### RECORDS TO USE ###

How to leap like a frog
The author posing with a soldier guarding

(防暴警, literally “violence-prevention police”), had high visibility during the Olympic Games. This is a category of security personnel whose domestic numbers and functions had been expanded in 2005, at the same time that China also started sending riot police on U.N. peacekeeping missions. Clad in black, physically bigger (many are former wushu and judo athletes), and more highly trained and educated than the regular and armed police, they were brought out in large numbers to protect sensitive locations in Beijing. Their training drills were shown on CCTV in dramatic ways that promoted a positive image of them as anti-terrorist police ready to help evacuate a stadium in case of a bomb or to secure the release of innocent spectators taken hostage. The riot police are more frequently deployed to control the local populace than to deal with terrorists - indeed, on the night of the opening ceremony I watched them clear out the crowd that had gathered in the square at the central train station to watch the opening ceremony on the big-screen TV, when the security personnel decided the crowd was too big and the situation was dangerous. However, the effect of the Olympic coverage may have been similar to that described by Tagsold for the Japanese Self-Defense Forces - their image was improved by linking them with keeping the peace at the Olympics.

###
### RECORDS TO USE ###

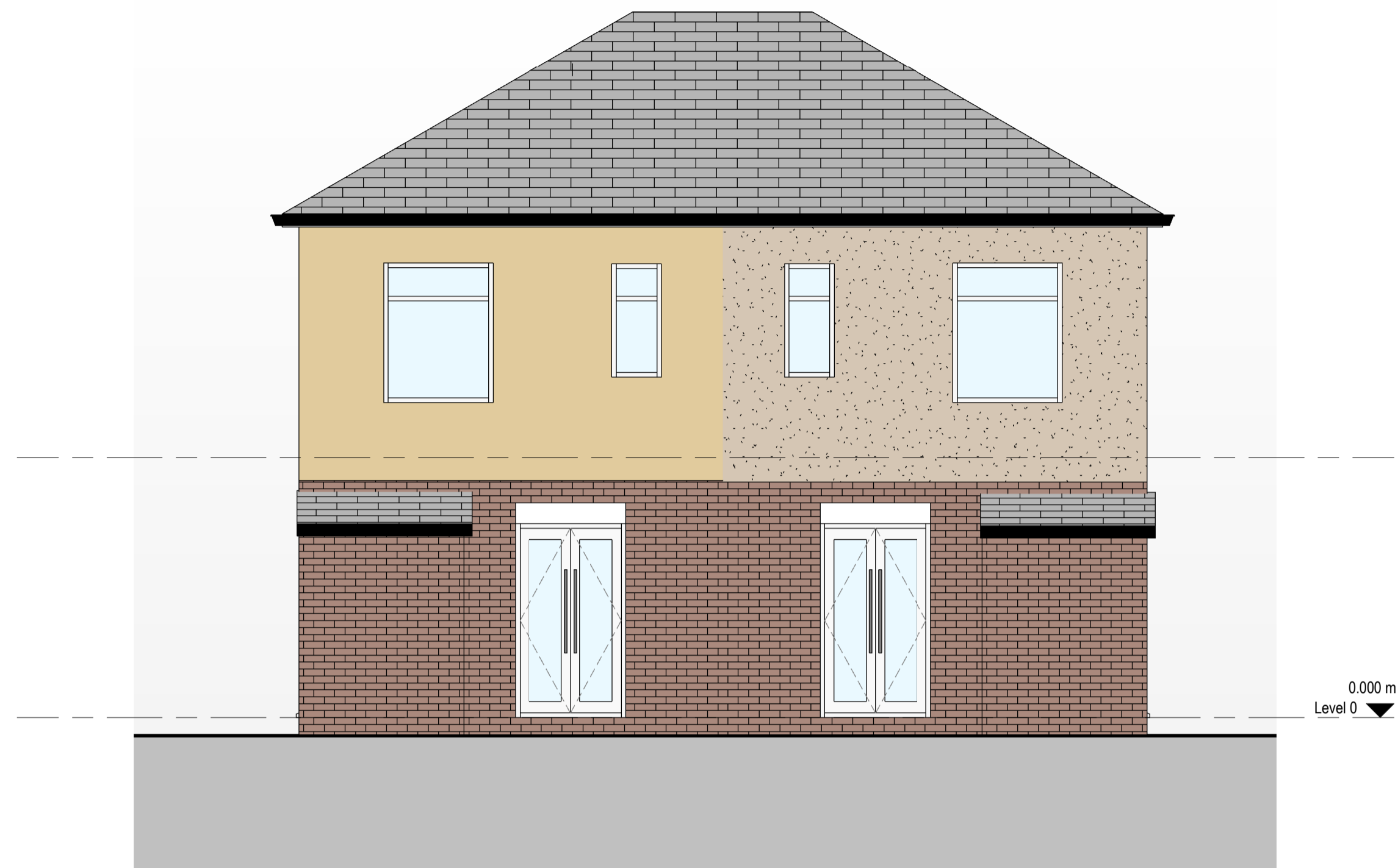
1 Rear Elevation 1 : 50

###

» WHAT IS EXPECTED: Beginning at the line with "How to leap like a frog" and ending at the line with "at the Olympics.", reproduce each line of the data above exactly, and add no other lines.

» OUTPUT BELOW:
How to leap like a frog
The author posing with a soldier guarding

(防暴警, literally “violence-prevention police”), had high visibility during the Olympic Games. This is a category of security personnel whose domestic numbers and functions had been expanded in 2005, at the same time that China also started sending riot police on U.N. peacekeeping missions. Clad in black, physically bigger (many are former wushu and judo athletes), and more highly trained and educated than the regular and armed police, they were brought out in large numbers to protect sensitive locations in Beijing. Their training drills were shown on CCTV in dramatic ways that promoted a positive image of them as anti-terrorist police ready to help evacuate a stadium in case of a bomb or to secure the release of innocent spectators taken hostage. The riot police are more frequently deployed to control the local populace than to deal with terrorists - indeed, on the night of the opening ceremony I watched them clear out the crowd that had gathered in the square at the central train station to watch the opening ceremony on the big-screen TV, when the security personnel decided the crowd was too big and the situation was dangerous. However, the effect of the Olympic coverage may have been similar to that described by Tagsold for the Japanese Self-Defense Forces - their image was improved by linking them with keeping the peace at the Olympics.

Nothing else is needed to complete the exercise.